[Task details]
Each record below must come back exactly as written; its pictures must not.

[Supplied material]

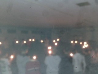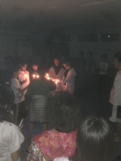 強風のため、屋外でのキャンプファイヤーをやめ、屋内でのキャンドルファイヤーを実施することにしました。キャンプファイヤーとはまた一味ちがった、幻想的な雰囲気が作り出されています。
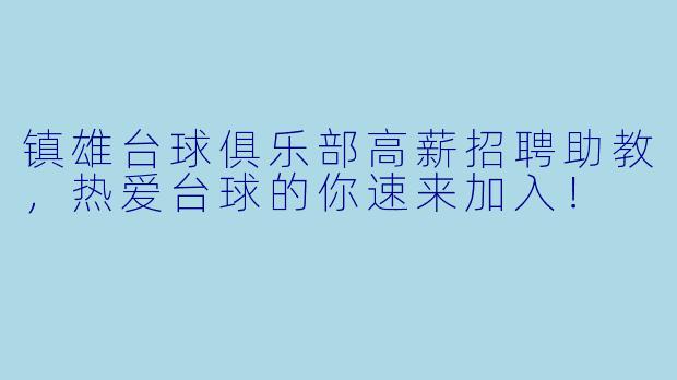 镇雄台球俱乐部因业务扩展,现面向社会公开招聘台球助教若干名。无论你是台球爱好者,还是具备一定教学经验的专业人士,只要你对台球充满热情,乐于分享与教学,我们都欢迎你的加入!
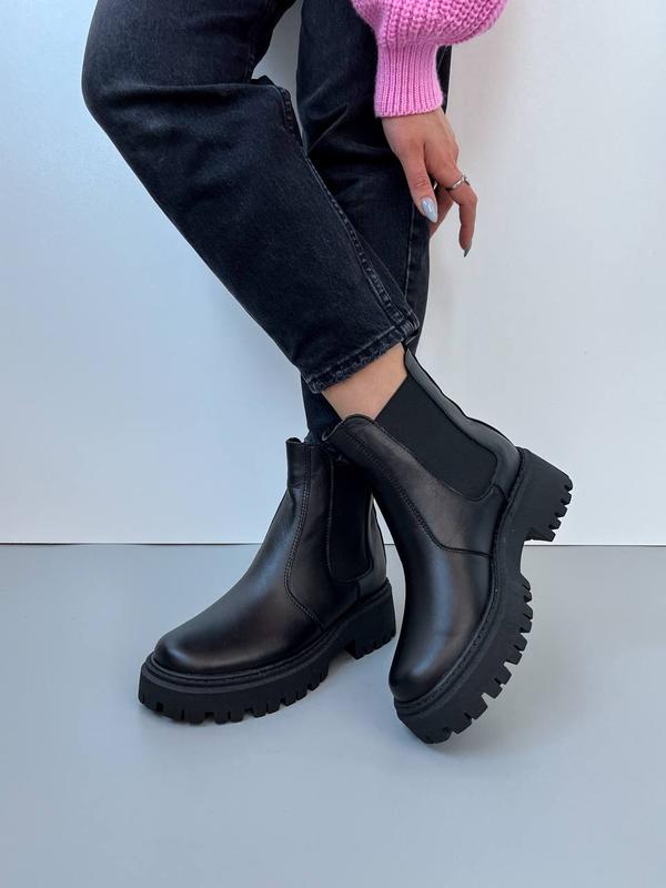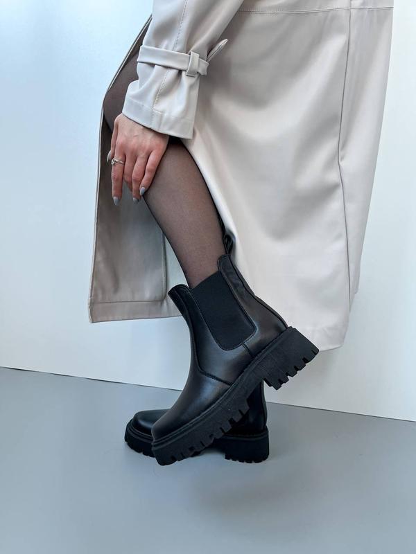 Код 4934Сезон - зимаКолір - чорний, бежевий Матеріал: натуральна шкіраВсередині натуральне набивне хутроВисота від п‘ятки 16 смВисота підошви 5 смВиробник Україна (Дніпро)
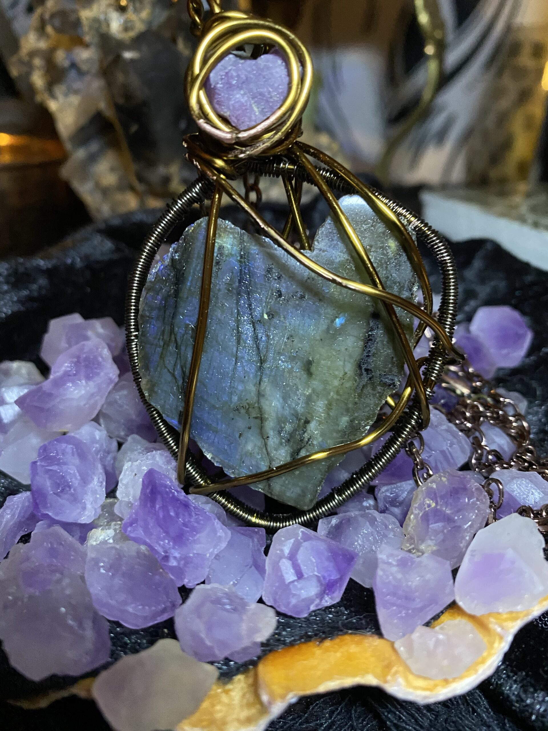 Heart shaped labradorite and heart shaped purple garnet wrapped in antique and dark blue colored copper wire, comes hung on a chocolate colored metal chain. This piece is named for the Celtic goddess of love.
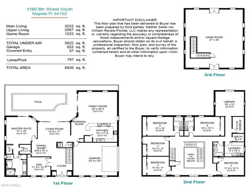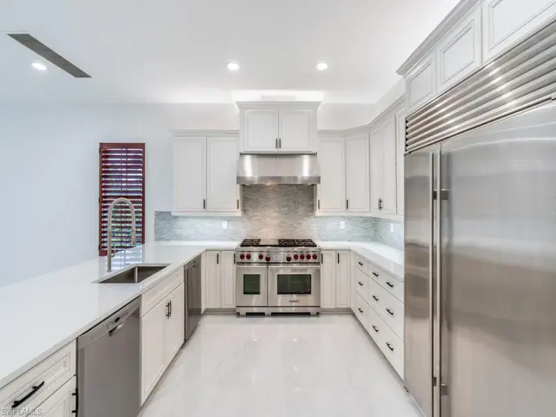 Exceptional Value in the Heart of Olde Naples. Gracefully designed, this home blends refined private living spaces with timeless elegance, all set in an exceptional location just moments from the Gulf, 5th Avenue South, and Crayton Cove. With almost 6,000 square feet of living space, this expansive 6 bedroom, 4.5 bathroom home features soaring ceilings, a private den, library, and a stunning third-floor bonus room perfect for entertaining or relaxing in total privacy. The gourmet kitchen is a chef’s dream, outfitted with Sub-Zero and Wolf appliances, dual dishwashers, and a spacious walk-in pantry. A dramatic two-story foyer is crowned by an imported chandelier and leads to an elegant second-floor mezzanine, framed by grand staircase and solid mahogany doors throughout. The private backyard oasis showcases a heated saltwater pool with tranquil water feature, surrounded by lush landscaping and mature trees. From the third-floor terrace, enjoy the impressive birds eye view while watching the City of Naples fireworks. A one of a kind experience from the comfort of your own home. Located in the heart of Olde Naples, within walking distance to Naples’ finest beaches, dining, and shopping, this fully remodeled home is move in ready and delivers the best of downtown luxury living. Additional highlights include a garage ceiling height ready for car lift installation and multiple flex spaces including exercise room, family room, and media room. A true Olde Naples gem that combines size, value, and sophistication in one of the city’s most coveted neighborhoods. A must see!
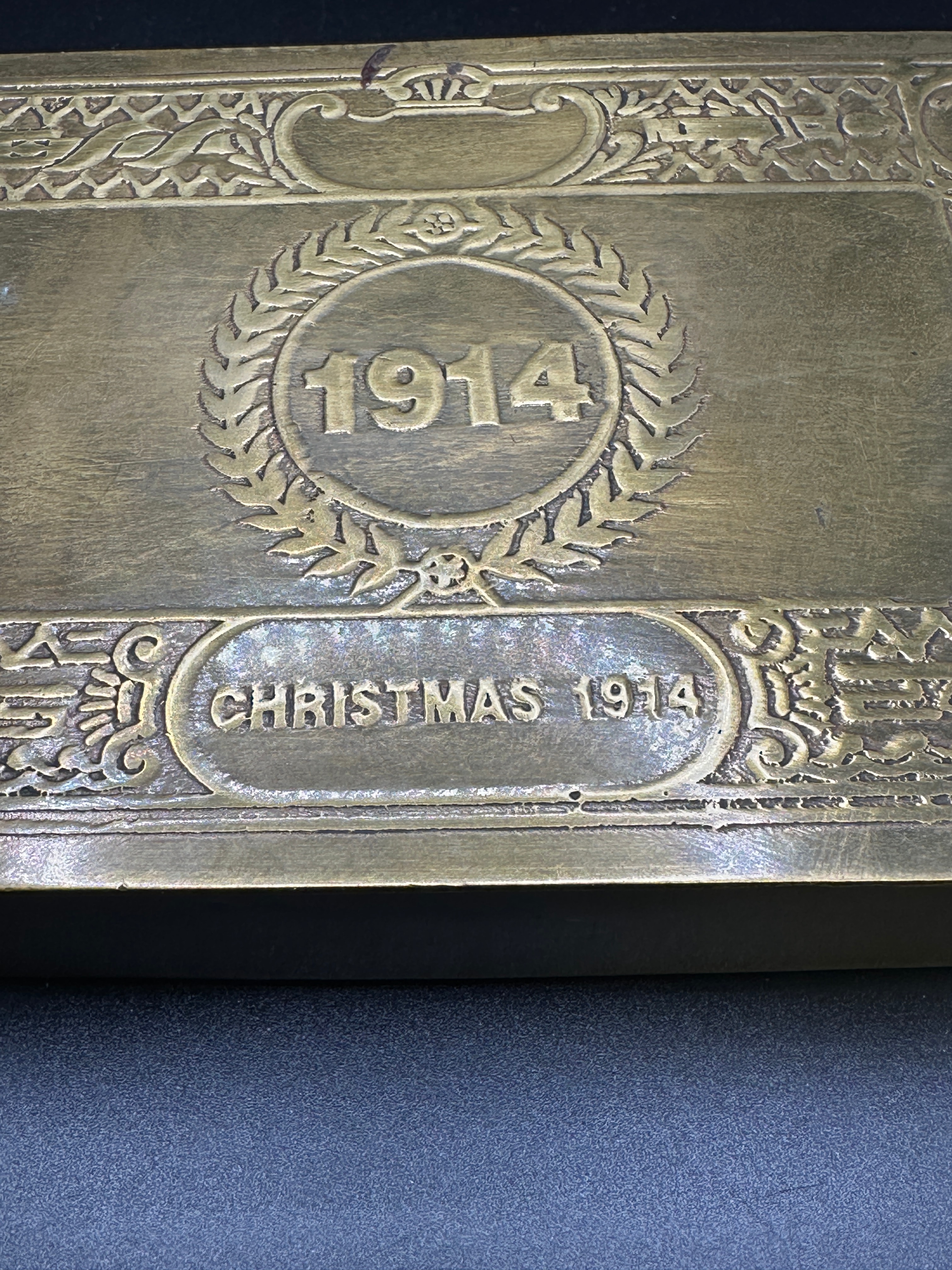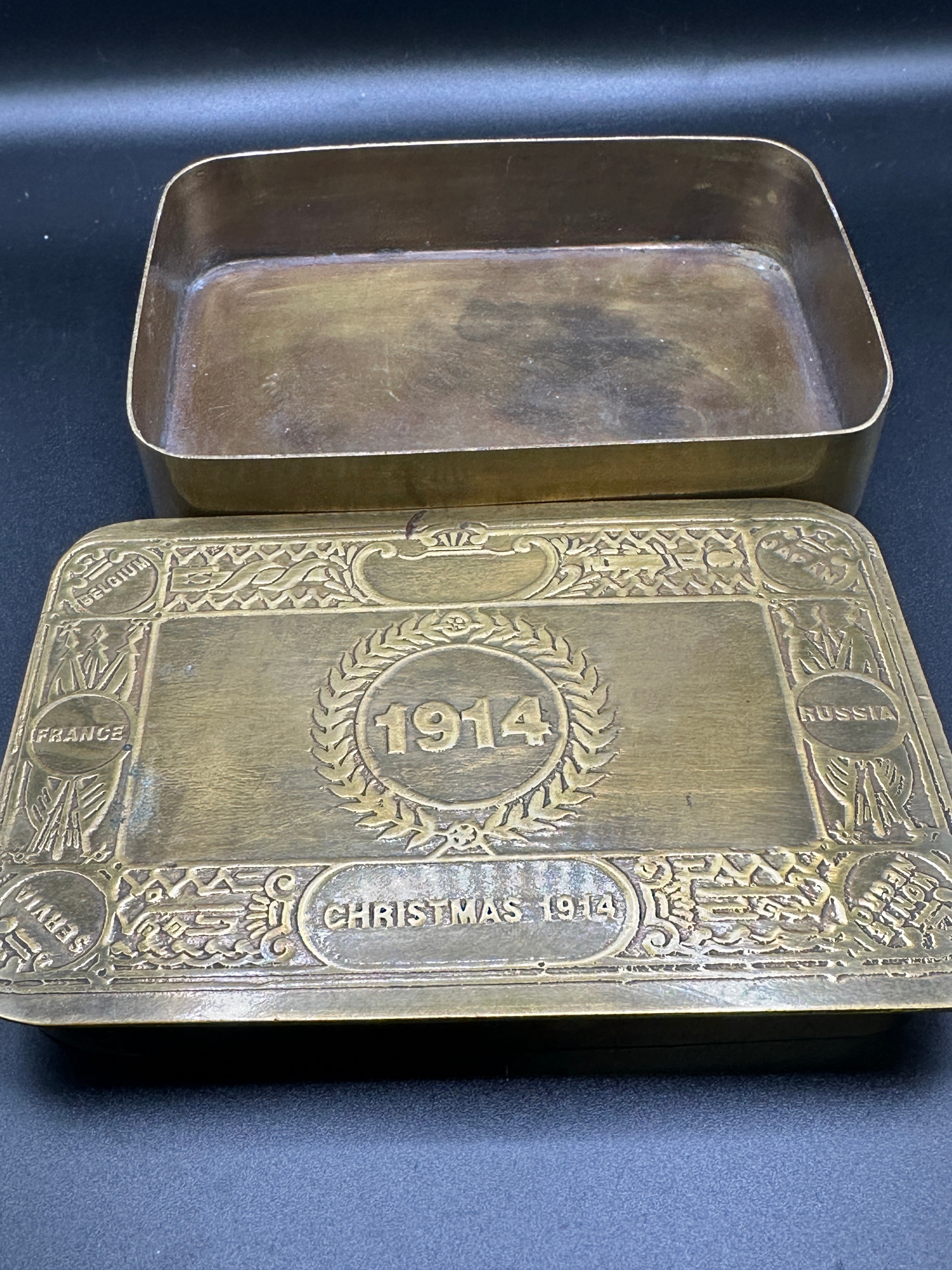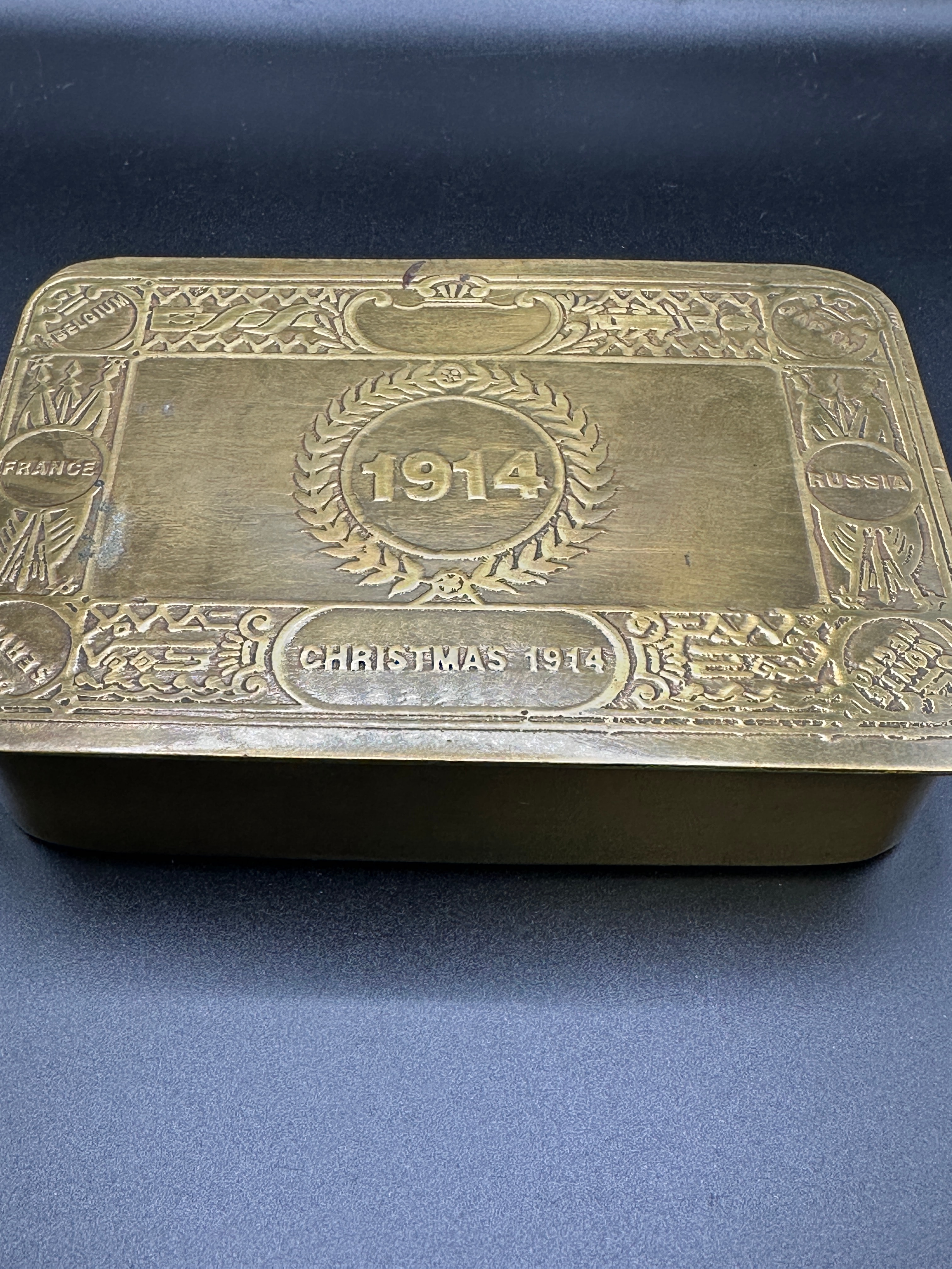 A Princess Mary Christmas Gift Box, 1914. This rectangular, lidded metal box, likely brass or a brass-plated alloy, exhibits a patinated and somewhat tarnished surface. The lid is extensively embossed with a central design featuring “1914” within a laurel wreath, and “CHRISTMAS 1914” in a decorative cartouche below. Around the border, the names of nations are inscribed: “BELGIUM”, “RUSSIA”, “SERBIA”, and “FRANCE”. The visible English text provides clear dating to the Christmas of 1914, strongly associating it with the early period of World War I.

[Answer to this task]
 強風のため、屋外でのキャンプファイヤーをやめ、屋内でのキャンドルファイヤーを実施することにしました。キャンプファイヤーとはまた一味ちがった、幻想的な雰囲気が作り出されています。
 镇雄台球俱乐部因业务扩展,现面向社会公开招聘台球助教若干名。无论你是台球爱好者,还是具备一定教学经验的专业人士,只要你对台球充满热情,乐于分享与教学,我们都欢迎你的加入!
 Код 4934Сезон - зимаКолір - чорний, бежевий Матеріал: натуральна шкіраВсередині натуральне набивне хутроВисота від п‘ятки 16 смВисота підошви 5 смВиробник Україна (Дніпро)
 Heart shaped labradorite and heart shaped purple garnet wrapped in antique and dark blue colored copper wire, comes hung on a chocolate colored metal chain. This piece is named for the Celtic goddess of love.
 Exceptional Value in the Heart of Olde Naples. Gracefully designed, this home blends refined private living spaces with timeless elegance, all set in an exceptional location just moments from the Gulf, 5th Avenue South, and Crayton Cove. With almost 6,000 square feet of living space, this expansive 6 bedroom, 4.5 bathroom home features soaring ceilings, a private den, library, and a stunning third-floor bonus room perfect for entertaining or relaxing in total privacy. The gourmet kitchen is a chef’s dream, outfitted with Sub-Zero and Wolf appliances, dual dishwashers, and a spacious walk-in pantry. A dramatic two-story foyer is crowned by an imported chandelier and leads to an elegant second-floor mezzanine, framed by grand staircase and solid mahogany doors throughout. The private backyard oasis showcases a heated saltwater pool with tranquil water feature, surrounded by lush landscaping and mature trees. From the third-floor terrace, enjoy the impressive birds eye view while watching the City of Naples fireworks. A one of a kind experience from the comfort of your own home. Located in the heart of Olde Naples, within walking distance to Naples’ finest beaches, dining, and shopping, this fully remodeled home is move in ready and delivers the best of downtown luxury living. Additional highlights include a garage ceiling height ready for car lift installation and multiple flex spaces including exercise room, family room, and media room. A true Olde Naples gem that combines size, value, and sophistication in one of the city’s most coveted neighborhoods. A must see!
 A Princess Mary Christmas Gift Box, 1914. This rectangular, lidded metal box, likely brass or a brass-plated alloy, exhibits a patinated and somewhat tarnished surface. The lid is extensively embossed with a central design featuring “1914” within a laurel wreath, and “CHRISTMAS 1914” in a decorative cartouche below. Around the border, the names of nations are inscribed: “BELGIUM”, “RUSSIA”, “SERBIA”, and “FRANCE”. The visible English text provides clear dating to the Christmas of 1914, strongly associating it with the early period of World War I.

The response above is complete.